Credit Suisse confirmed it started the year with a quarterly loss for the first time since 2008 after suffering "some of the most difficult markets on record".
The Swiss banking giant reported a loss of 484m Swiss francs (£344m) for the first quarter, against pre-tax profits of 1.5bn Swiss francs (£1.1bn) a year earlier after client activity "drastically reduced" during market turmoil in early 2016.
It marked the bank's worst first-quarter performance since the height of the financial crisis and comes as it leads a major restructuring to slash costs, including axing around 6,000 jobs.
Tidjane Thiam, chief executive of Credit Suisse, said there had been "tentative signs of a pick-up" in March and April, but warned that trading would remain tough.

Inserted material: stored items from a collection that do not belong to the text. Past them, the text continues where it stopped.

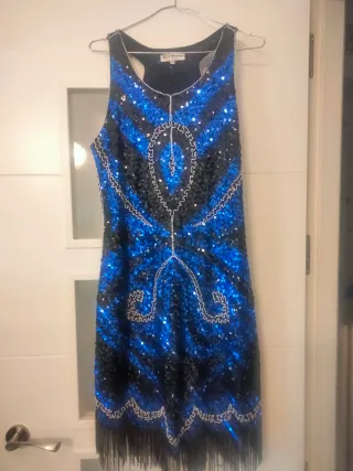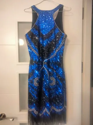 Vestido de fiesta con un diseño llamativo y elegante. - Cubierto de lentejuelas brillantes en tonos azules y negros. - Flecos en el bajo para un toque de movimiento. - Diseño sin mangas con escote redondo.
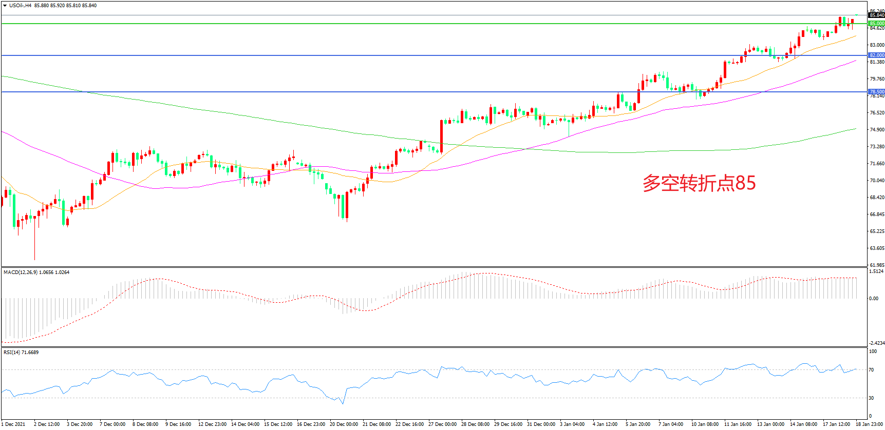 4小时图看,油价低点逐渐抬高,整体表现偏强,均线系统呈多头排列,84美元成为多空分水岭,MACD红柱增加,RSI指标走平,日内震荡上行概率较大。
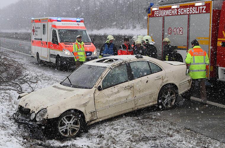 Nicht angepasste Geschwindigkeit auf schnee- und regennasser Fahrbahn war die Ursache für einen Unfall am Dienstagmittag auf der Autobahn 70 zwischen Scheßlitz und dem Kreuz Bamberg. Eine Taxifahrerin aus Nürnberg ist mit ihrem Mercedes nach rechts von der rutschigen Fahrbahn abgekommen, in die Böschung gerutscht und hat sich dort mit ihrem Fahrzeug überschlagen.
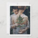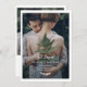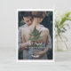 Esta minimalista y elegante invitación de ampliación de bodas presenta dos de tus fotos, con un simple superpuesto botánico y de texto en blanco en la parte delantera, y espacio para tu mensaje adicional en la parte posterior. El frente también dice "nos fugamos" en escritura manuscrita.
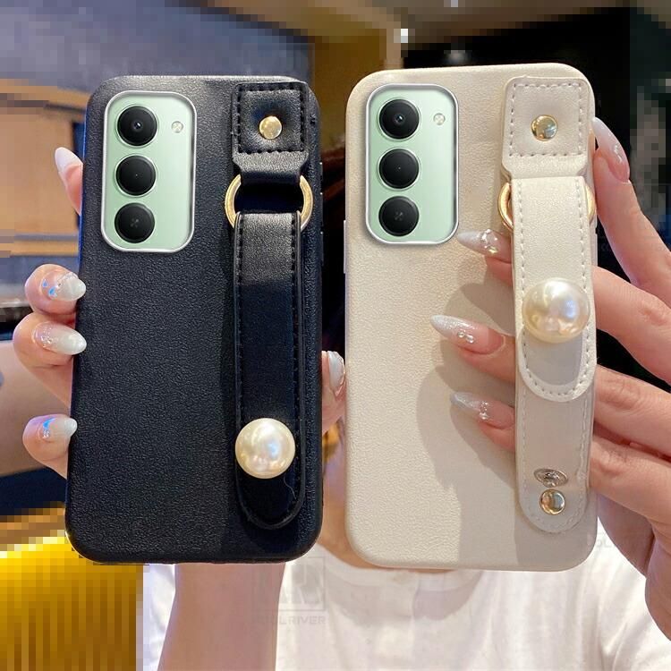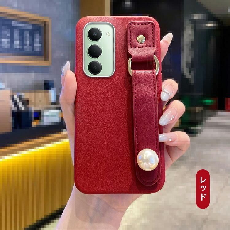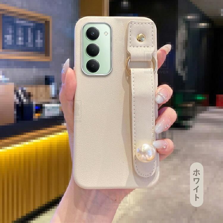 Redmi 15 5G ケース 耐衝撃 カバー PUレザー 持ち手 ベルト 落下防止ベルト 真珠風 片手操作 取っ手 かわいい エレガント

He said: "In the first quarter of 2016 and particularly in January and February, we operated in some of the most difficult markets on record, with volumes and client activity drastically reduced.
"Subdued market conditions and low levels of client activity are likely to persist in the second quarter of 2016 and possibly beyond." He said the company's priorities were to progress with cutting costs and headcount, deliver strong growth in wealth management divisions and keep a strong capital position.
"We have been able to make good progress in all of these areas against an extremely challenging market backdrop," he said.
Credit Suisse shares bounced back by nearly 6% despite the first quarter blow as the losses were smaller than feared, while the bank has already said that reorganisation costs were expected to push it into a loss for the first quarter.
Mr Thiam joined in July last year from insurer Prudential and has been spearheading a revamp to cut costs and refocus the group on private banking and away from investment banking.
The bank said it was making "good progress" on its overhaul, accelerating job cuts with more than half - 3,500 - of the roles already gone.
It has cut more than 1,000 jobs in its global markets business since late March alone and said more than half of its 2016 target to cut annual costs by 1.4bn Swiss francs (£1bn) was made in the first quarter.
Credit Suisse revealed in February that it slumped to a full-year pre-tax loss of 2.4bn Swiss francs (£1.7bn) - its first annual loss since 2008.